You do not understand nor see what is in front of you. The canvas of the designers. It cannot be explained using logic. It is outside of this reality and no laws apply to it. Your laws of physics and mathematics are purely one of many pedagogy that could have arisen over the time of human consciousness. Many others exist, infinite in fact. That is why we are unable to perceive the tapestry of design. Go ahead with your 'logical' laws and you will uncover nothing. To see the canvas of our designers you should rid yourself of mathematics which is merely incidental to our consciousness.


----------



## Blake (Nov 6, 2013)

Vivaldi said:


> You do not understand nor see what is in front of you. The canvas of the designers. It cannot be explained using logic. It is outside of this reality and no laws apply to it. Your laws of physics and mathematics are purely one of many pedagogy that could have arisen over the time of human consciousness. Many others exist, infinite in fact. That is why we are unable to perceive the tapestry of design. We are using processes that are divergent.


I'm not questioning the illusory nature of existence as individual expressions. I'm questioning your integrity.


----------



## Vivaldi (Aug 26, 2012)

Vesuvius said:


> I'm not questioning the illusory nature of existence as individual expressions. I'm questioning your integrity.


This form of mathematics/logic is a by product of our particular consciousness. If another consciousness existed then would another type of mathematics exist? You trust too much in logic in a reality that is actually illogical. Mathematics does not exist outside of our consciousness.

Take yourself outside of your consciousness; free from the constraints of logic and the answers will be found I trust.


----------



## Novelette (Dec 12, 2012)

What does this even mean?


----------



## Kopachris (May 31, 2010)

Define "I." There is no fundamental, separate "self" to exist _in_ anything. We are all just collections of atoms.


----------



## Vivaldi (Aug 26, 2012)

Kopachris said:


> Define "I." There is no fundamental, separate "self" to exist _in_ anything. We are all just collections of atoms.


I think, therefore I am - Descartes

My understanding of this is bleak but do I really need to understand anything at all? Have we really learnt anything from our development in say, mathematics? The knowledge we acquire only adds to knowledge that our conciousness is able to interpret. This is not useful at all but allows us to 'progress' in this particular manifestation of society. Intelligence is not defined outside of our consciousness. To try and decode reality using our consciousness is impossible for what is our consciousness if nothing but one of many possible designs of consciousness?
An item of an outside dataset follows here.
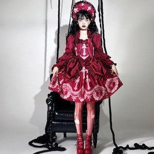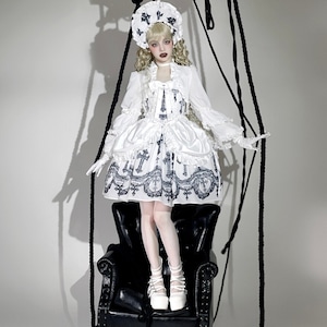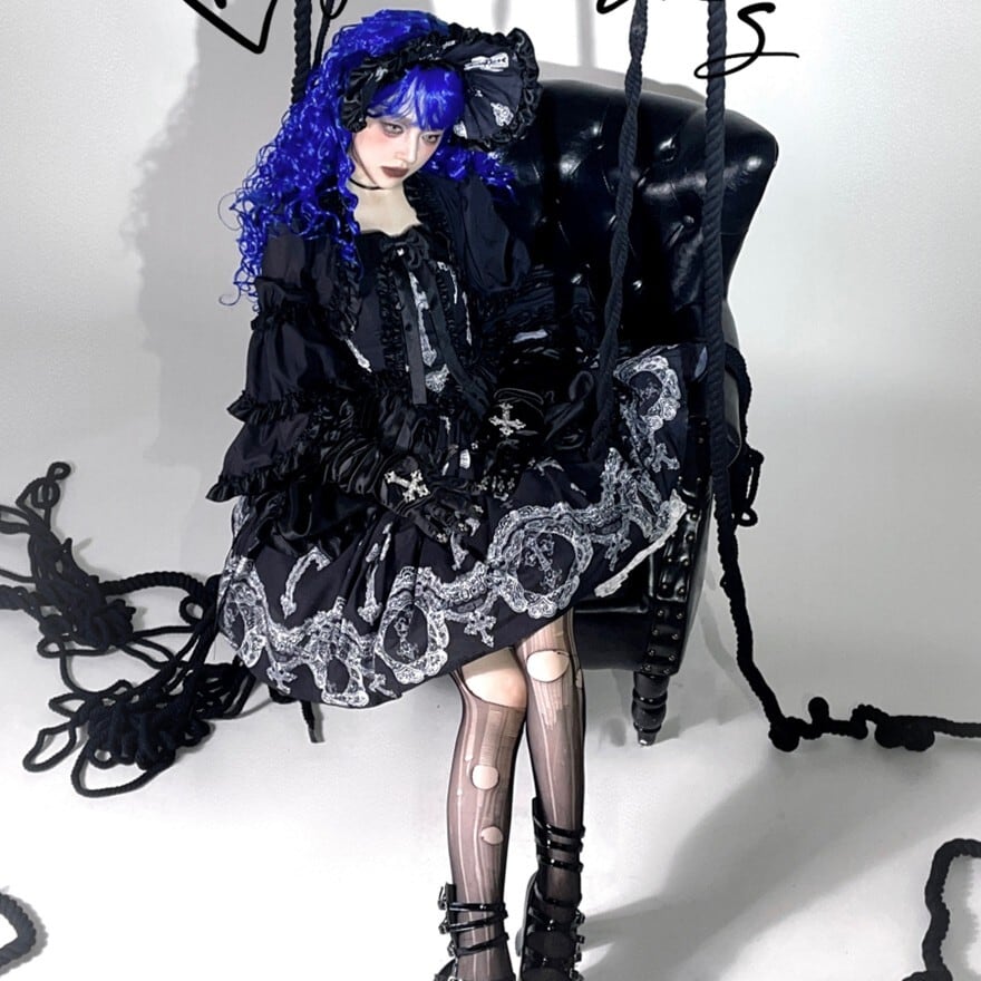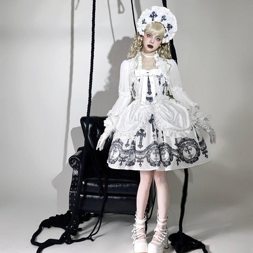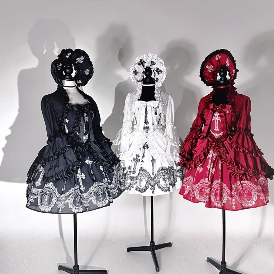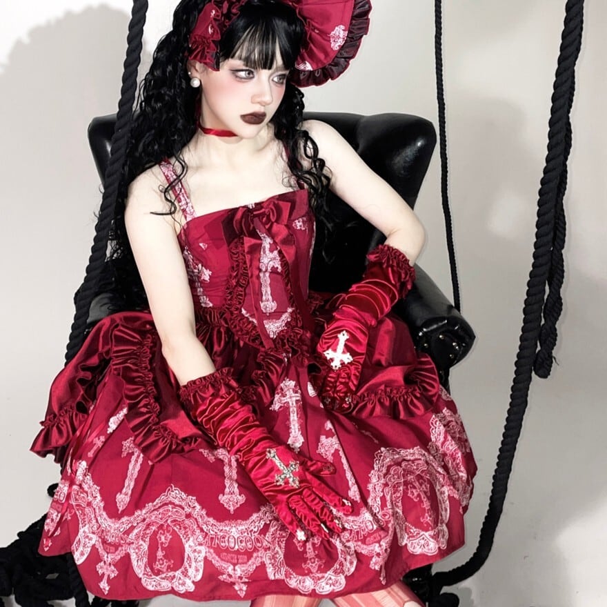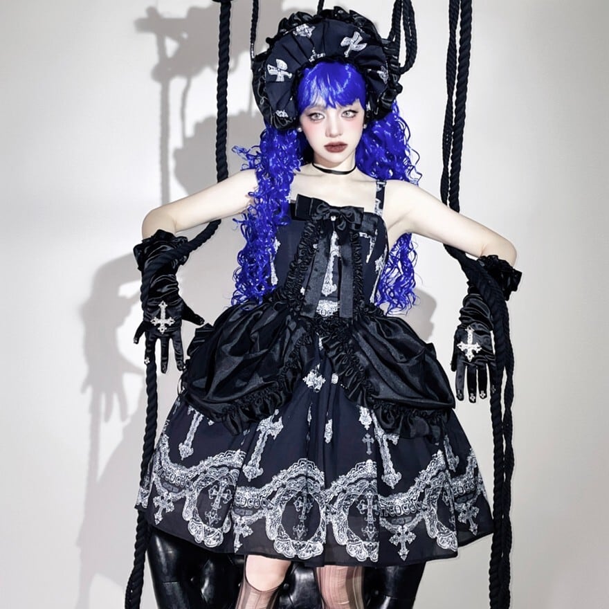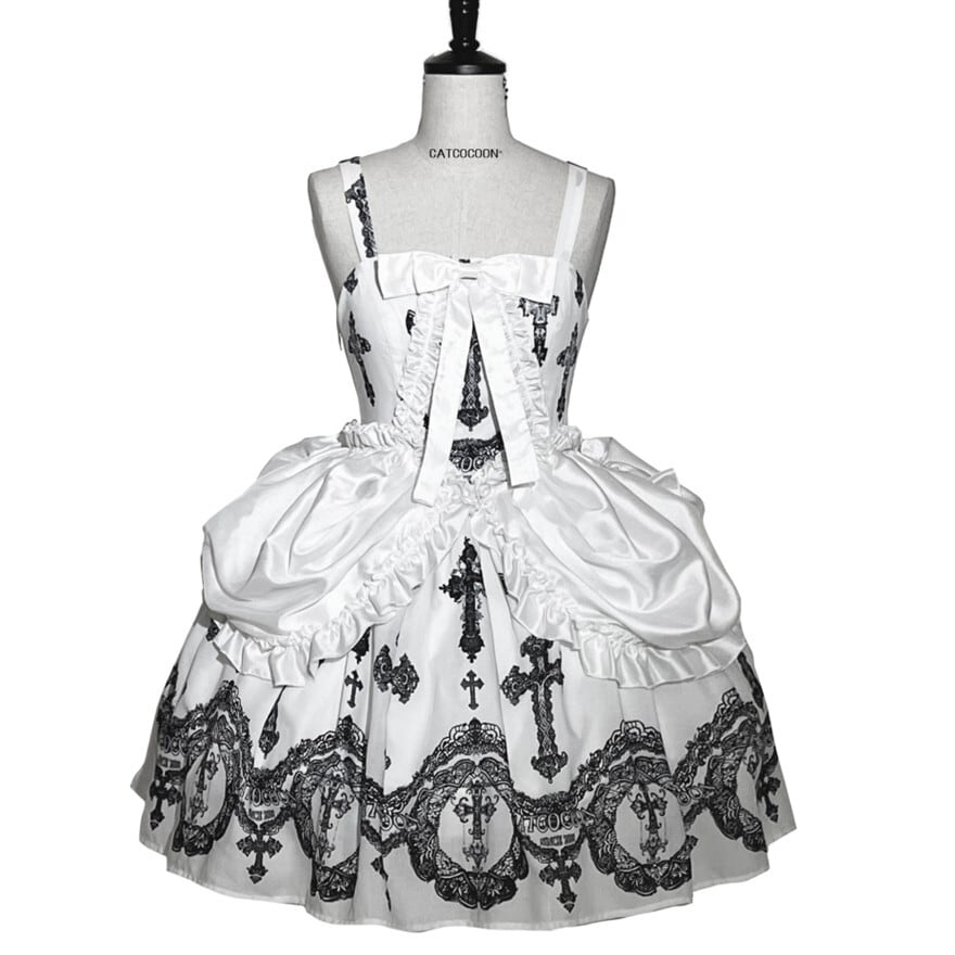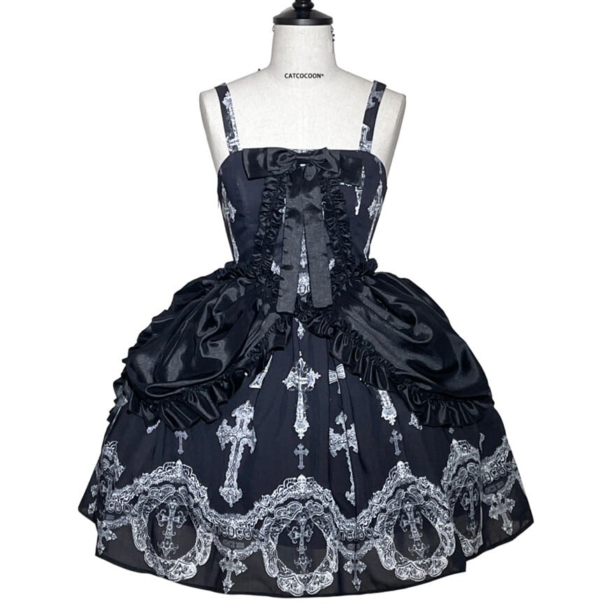重厚感のある十字架プリントとバッスル風シルエットを組み合わせた、ゴシックロリィタジャンパースカートです。華やかさがありながら甘さを抑えたデザインで、ロリータ初心者や大人の方でも安心して着用でき、ライブやコンカフェ衣装としても映える一着です。

This is counter productive thinking and goes against everything 'intellectual' but maybe we need to regress in our thinking before me progress and find illusive solutions to 'questions'.

Because my understanding of philosophy is very insular and small I cannot write anything that you 'intellectuals' would deem meaningful. Should I advance my understanding in this .. But what is understanding? We have to take ourselves outside of knowledge. I can feel something inside my consciousness. A key to fit a lock I cannot open. I am discounting centuries of learned principles as meaningless. I do not know. All I know is that I like listening to Bach's Brandenburg Concerto No 5 many times over because it has some profound meaning.

Maybe I would be happy if I did not learn anything and sat inside a dark room. Learning is a distraction from what is REALLY happening.


----------



## aleazk (Sep 30, 2011)

Vivaldi said:


> This form of mathematics/logic is a by product of our particular consciousness. If another consciousness existed then would another type of mathematics exist? You trust too much in logic in a reality that is actually illogical. Mathematics does not exist outside of our consciousness.
> 
> Take yourself outside of your consciousness; free from the constraints of logic and the answers will be found I trust.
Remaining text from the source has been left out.